昨日のエントリの微妙な続きになるが、今回は辛口ではないので折り畳まない(一応、昨日のエントリを見ていない方向けに注釈を入れる)。
昨日はあんなことを──SFTRPGはD&Dのような、複数のPCが協力し合う物語のアーキタイプを作れなかった──書いたが、努力していたゲームはちゃんとある。私はそういったTRPGが好きだ。学ぶべき先人が存在しないところから、懸命に最初の道を切り拓こうという姿勢は素晴らしい。
例えばサイバーパンクTRPGにおいては、クラス制の概念をサイバーパンク2020が作り、それをトーキョーNOVAが昇華させて、物語のアーキタイプを作るところまで到達した。しかしNOVAについては散々書いてきたのでここでは改めて触れない。今日の主題はこのゲームである。
このTRPG「スターレジェンド」は、SFTRPGだがスキルシステム制ではなく、クラスシステム制を採っている。その点は先駆者「スぺオペヒーローズ」と似ているが、単にクラス制というだけではなく、ストーリーのアーキタイプをゲームシステムに落とし込んでいる。それが「地球碑文」だ。

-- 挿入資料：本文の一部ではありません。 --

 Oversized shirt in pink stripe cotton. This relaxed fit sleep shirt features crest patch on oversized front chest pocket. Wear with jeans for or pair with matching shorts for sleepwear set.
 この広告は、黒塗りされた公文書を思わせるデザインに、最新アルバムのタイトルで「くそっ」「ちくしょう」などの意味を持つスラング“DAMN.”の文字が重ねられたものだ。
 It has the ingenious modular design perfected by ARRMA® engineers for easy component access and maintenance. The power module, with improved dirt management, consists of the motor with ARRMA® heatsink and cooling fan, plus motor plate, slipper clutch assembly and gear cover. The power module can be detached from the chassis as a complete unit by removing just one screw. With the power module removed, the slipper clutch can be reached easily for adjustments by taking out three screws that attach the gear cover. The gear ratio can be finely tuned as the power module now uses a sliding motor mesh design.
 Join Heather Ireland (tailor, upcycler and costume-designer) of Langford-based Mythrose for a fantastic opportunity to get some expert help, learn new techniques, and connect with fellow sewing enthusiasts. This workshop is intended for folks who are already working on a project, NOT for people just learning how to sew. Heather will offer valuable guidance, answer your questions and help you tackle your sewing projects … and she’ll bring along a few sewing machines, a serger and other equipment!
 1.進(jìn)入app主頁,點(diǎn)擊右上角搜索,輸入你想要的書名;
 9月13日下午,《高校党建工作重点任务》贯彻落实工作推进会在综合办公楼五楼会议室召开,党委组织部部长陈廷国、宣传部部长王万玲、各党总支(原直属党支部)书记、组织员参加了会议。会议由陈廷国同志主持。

すべてのPCは地球碑文を、そして、そこに秘められたものを探し求めて宇宙を旅する。そして、その探索における役割の違いによって基本クラスが分かれる。また、ヴィランはこの地球碑文を悪用しようとするものである。これによって仲間たちと物語のアーキタイプができる。
ストーリーの制限が強いように見えるが、NOVAにおけるNOVA軍と同じことが言える。「地球碑文さえ関わっていれば、後は自由に作れる」のだ。スターウォーズがやりたければ、パルパティーンを地球碑文を悪用するヴィランにすればいいし(「クリスタルシンガー」というジェダイ的な存在もいる)、スタートレックがやりたければ、未知の惑星を探索に向かったら地球碑文が見つかったことにすればいい。

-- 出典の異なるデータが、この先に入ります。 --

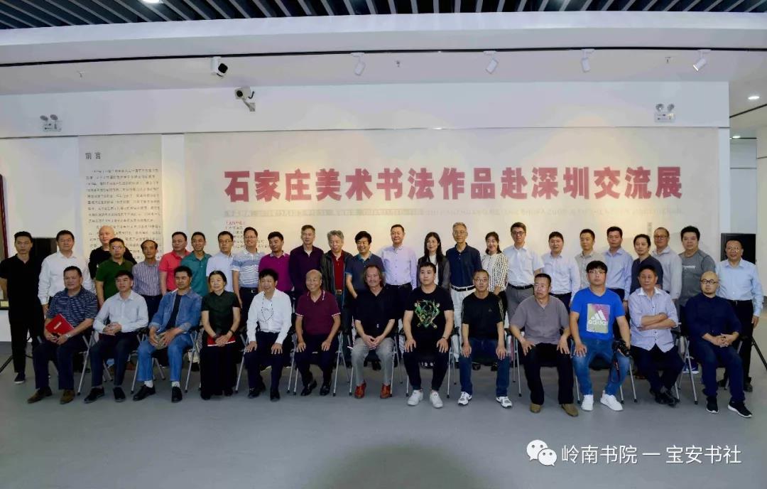 石家莊市與深圳市美術書法界的藝術家與參加開幕式的領導和嘉賓合影,石家莊美術書法作品赴深圳交流展成功開幕。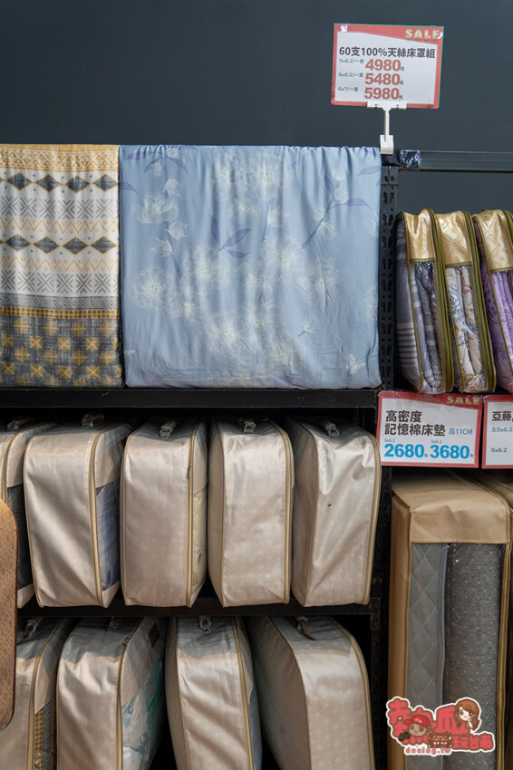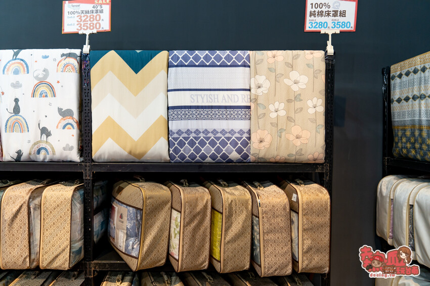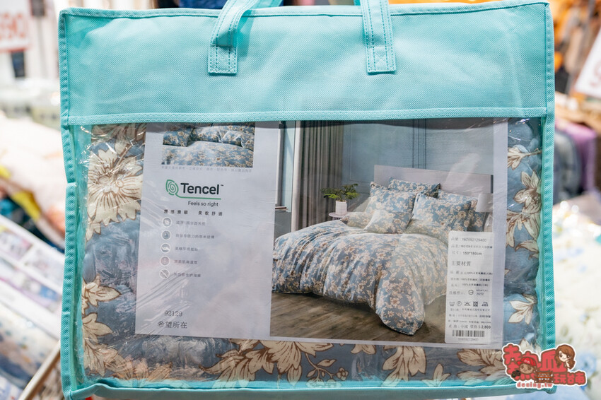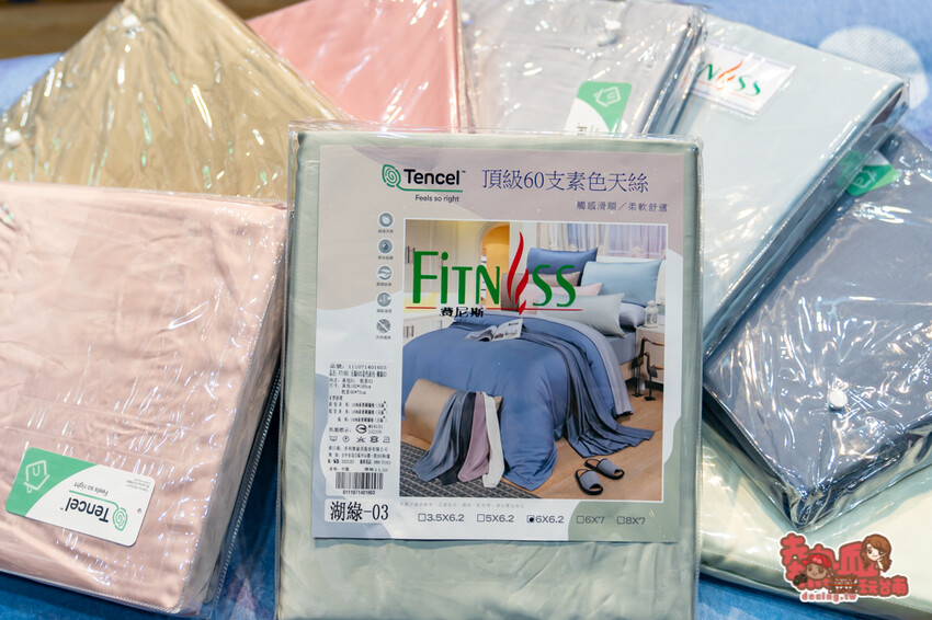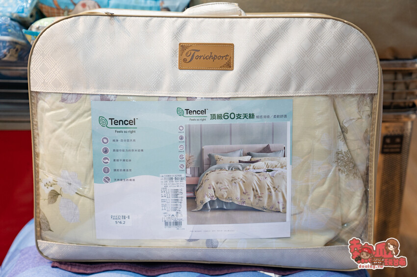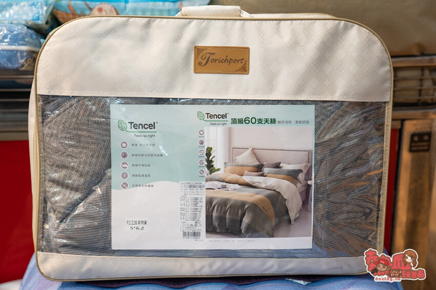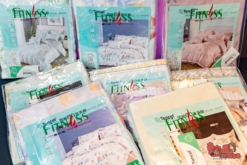 舒適的床墊少不了舒適的外衣,選擇良好的床包、被單等很重要,多利寶寢具特賣會現場展售了多種舒適優秀的床包,有40支100%天絲床包、60支100%天絲床包、100%純棉床包等等各式材質任君挑選,自家設計的多款獨家花色款式,工廠自產自銷價格超優惠,可以買到外面買不到的價格,多選購一組定期更換保持良好衛生也不錯。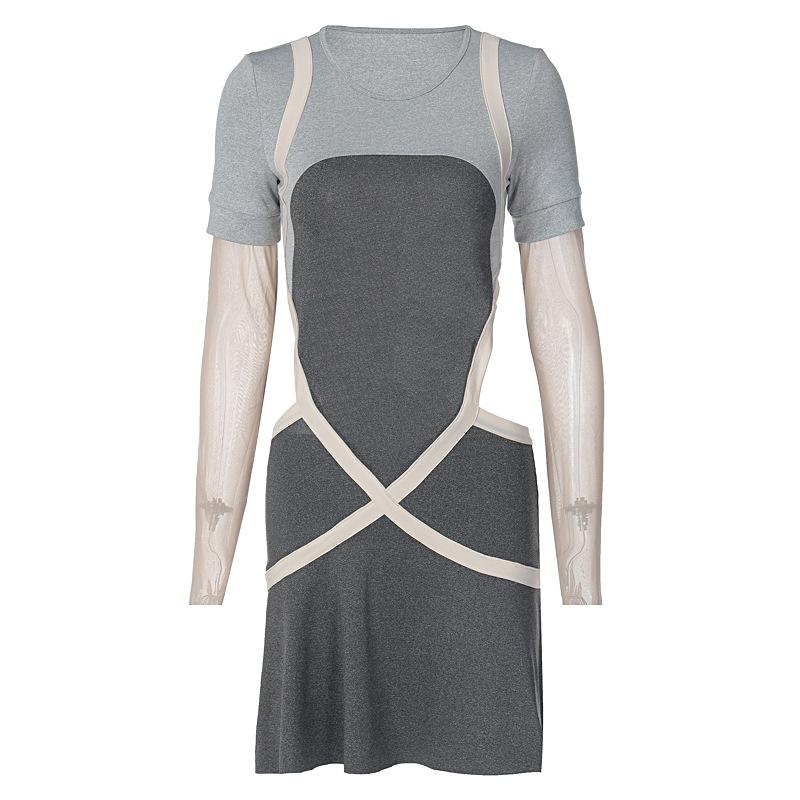 Платье с длинным рукавом Мини-платье Сетчатое пэчворк Осень-зима Женское платье Плиссированное платье Облегающее уличное платье с открытой спиной L серый

強いて一点だけ欠点を挙げるとすると、「地球碑文」の存在が余りにも「スターレジェンド」というゲーム独自の、特異な存在すぎて、これを出してしまうとどんなゲームもスターレジェンドになってしまうため、他のタイトルで使える汎用的なアーキタイプにはならない、という点だろう。最初からそのつもりで作っていないと思うが……。
ちなみに続編
なお「エイジ・オブ・ギャラクシー」は「スターレジェンド」の続編だが、私は前作の方が好き(というかプレイヤーから好評)だった。

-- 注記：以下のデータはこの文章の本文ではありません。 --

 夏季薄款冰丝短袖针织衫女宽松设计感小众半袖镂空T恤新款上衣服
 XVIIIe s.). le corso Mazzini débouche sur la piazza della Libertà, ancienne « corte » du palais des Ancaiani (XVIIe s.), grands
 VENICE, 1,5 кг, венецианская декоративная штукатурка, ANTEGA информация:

昨日のエントリで書いたように、エイジ・オブ・ギャラクシーはすべてのPCが亜空間に収納できる個人用のスペースシップを持っていて、いつでも自由に召喚できるという設定だ。しかしプレイヤーからすると、自分が便利というよりは、ヴィランをどんなに(生身で)追いつめても、いつでもどこでも超強力なスペースシップを呼んで逃げられることの方が気になったようだ。
あとは、折角スペースオペラを遊んでいるのに、戦隊物か魔法少女物みたいだ……というのも言われたことがある。確かに、生身の人間5対5で戦闘しようと思ったら唐突に宇宙船10隻の艦隊戦になるのは割とシュールな光景だが……。
もっともAOGの最大のメリットは「スタンダードロールプレイングシステム(SRS)を使ってスターレジェンド世界で遊べる」ことなので、それをどう評価するか次第だろう。